Makefile – (do not modify) file used to compile the code. Run make webproxy to compile your code.

shm_channel.[ch] – (modify) you may use these files to implement whatever protocol for the IPC you decide upon (e.g., use of designated socket-based communication, message queue, or shared memory ).

simplecache.[ch] – (do not modify) these files contain code for a simple, static cache. Use this interface in your simplecached implementation. See the simplecache.h file for further documentation.

simplecached.c – (modify) this is the main file for the cache daemon process, which should receive requests from the proxy and serve up the contents of the cache using the simplecache interface. The process should use a boss-worker multithreaded pattern, where individual worker threads are responsible for handling a single request from the proxy.

steque.[ch] – (do not modify) you may find this steque (stack and queue) data useful in implementing the the cache. Beware this uses malloc and may not be suitable for shared memory.

gfclient_download – a binary executable that serves as a workload generator for the proxy. It downloads the requested files, using the current directory as a prefix for all paths. You must specify the correct port to use.

gfclient_measure – a binary executable that serves as a workload generator for the proxy. It measures the performance of the proxy, writing one entry in the metrics file for each chunk of data received. You must specify the correct port to use.

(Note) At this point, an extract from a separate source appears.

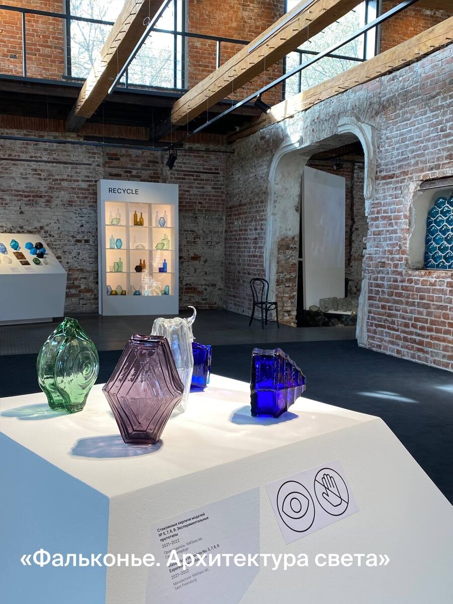 Экспозиция Музея Архитектуры посвящена самому функциональному и эстетичному из стекол — фальконье. О нем рассказывают рекламные листовки, архивные фотографии, чертежи конкурентов и инсталляции из аутентичных и современных моделей.

webproxy.c – (modify) this is the main file for the webproxy program. Only small modifications are necessary. In addition to setting up the callbacks for the gfserver library, you may need to pre-create a pool of shared memory descriptors, a queue of free shared memory descriptors, associated synchronization variables, etc.

workload.txt – (not submitted) this file contains a list of files that can be requested of https://s3.amazonaws.com/content.udacity-data.com as part of your tests.

Once you have completed your program you can submit it from the top level project directory with the command:

python submit.py proxy_cache
NOTE: The files for use with this project should be copied from the downloaded files from Project 1. They are not included in this repository.

Extra Credit
Integrate the code you wrote from the first two parts into your source code from Project 1 to build a complete getfile-to-http proxy server with cache.

Attach a zip file to T-square with all of your extra credit source code and a README file that documents your code, how to compile it, and how to run it.

References
Relevant Lecture Material
P3L3 Inter-Process Communication
SysV Shared Memory API
POSIX Shared Memory API
Sample Source Code
Signal Handling Code Example
Libcurl Code Example
Address Sanitizer
Note that address sanitizer is enabled in the test server as well as the project Makefile. To fully exploit this, you may need to set further options for your environment.

Google Sanitizer Wiki
Using GDB with Address Sanitizer
Address Sanitizer is not compatible with valgrind. If you wish to use valgrind, you should build a version of your code without Address Sanitizer. In most cases, your code will be tested with Address Sanitizer enabled.